--- START ---

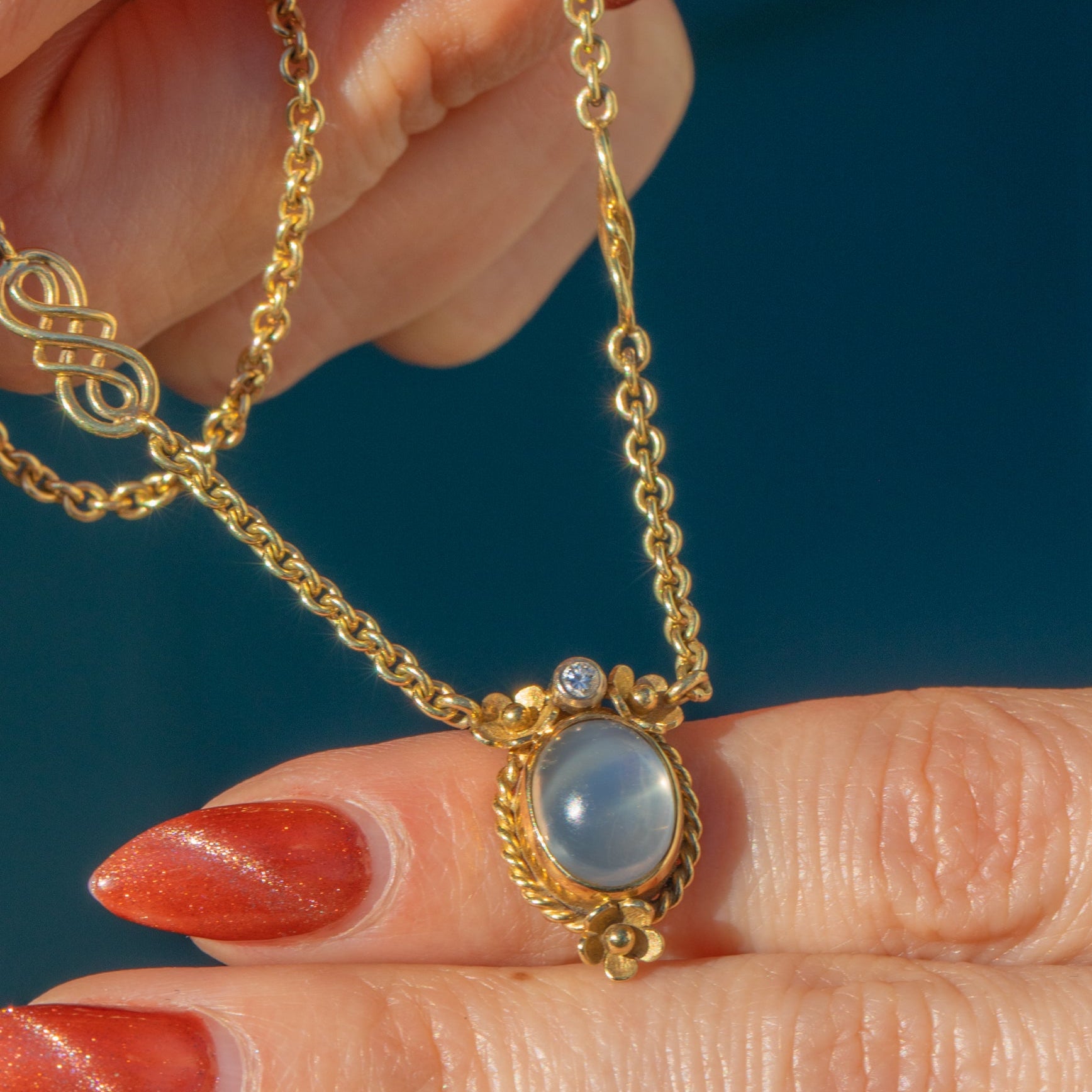 She is complete with a petite Diamond resting above the central Moonstone, adding a subtle touch of glamour and refined elegance in quintessential Art Nouveau style. With a gorgeous detailed chain, this antique necklace is a wonderful piece to incorporate into your collection!
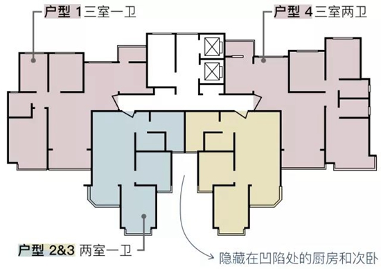 常见于一核三到十二户中间套,塞在采光最好的转角户型之间。
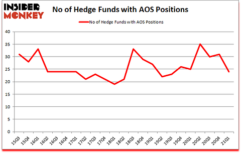 Is A. O. Smith Corporation (NYSE:AOS) a bargain? The best stock pickers were taking a pessimistic view. The number of long hedge fund bets decreased by 7 in recent months. A. O. Smith Corporation (NYSE:AOS) was in 24 hedge funds’ portfolios at the end of March. The all time high for this statistic is 35. Our calculations also showed that AOS isn’t among the 30 most popular stocks among hedge funds (click for Q1 rankings).
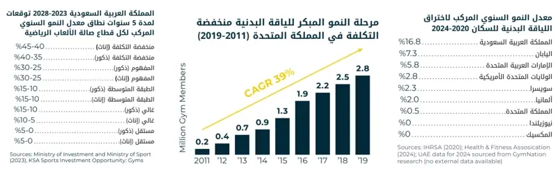 تشير البيانات الأخيرة إلى أن الشرق الأوسط في مرحلة النمو المبكر لقطاع اللياقة البدنية منخفض التكلفة وعالي القيمة على غرار تجربة المملكة المتحدة في 2011. في بريطانيا، نمت الصالات الرياضية منخفضة التكلفة بمعدل نمو سنوي مركب بلغ 39% على مدار ثمانية أعوام، بينما شهد نمو الصالات الخاصة التقليدية حالة من الركود. في الشرق الأوسط، توقعت وزارة الاستثمار ووزارة الرياضة (2023) أن يتراوح معدل النمو السنوي المركب من 35 إلى 40% لعضويات الرجال منخفضة التكلفة، ومن 40 إلى 45% لعضويات النساء خلال السنوات الخمس المقبلة في المملكة العربية السعودية.

--- END ---

* [Exercise objective] Skip the pictures, please, and transcribe only the lines from the beginning of the material through the one that contains "常见于一核三到十二户中间套,塞在采光最好的转角户型之间。".

* [Solution below]
 She is complete with a petite Diamond resting above the central Moonstone, adding a subtle touch of glamour and refined elegance in quintessential Art Nouveau style. With a gorgeous detailed chain, this antique necklace is a wonderful piece to incorporate into your collection!
 常见于一核三到十二户中间套,塞在采光最好的转角户型之间。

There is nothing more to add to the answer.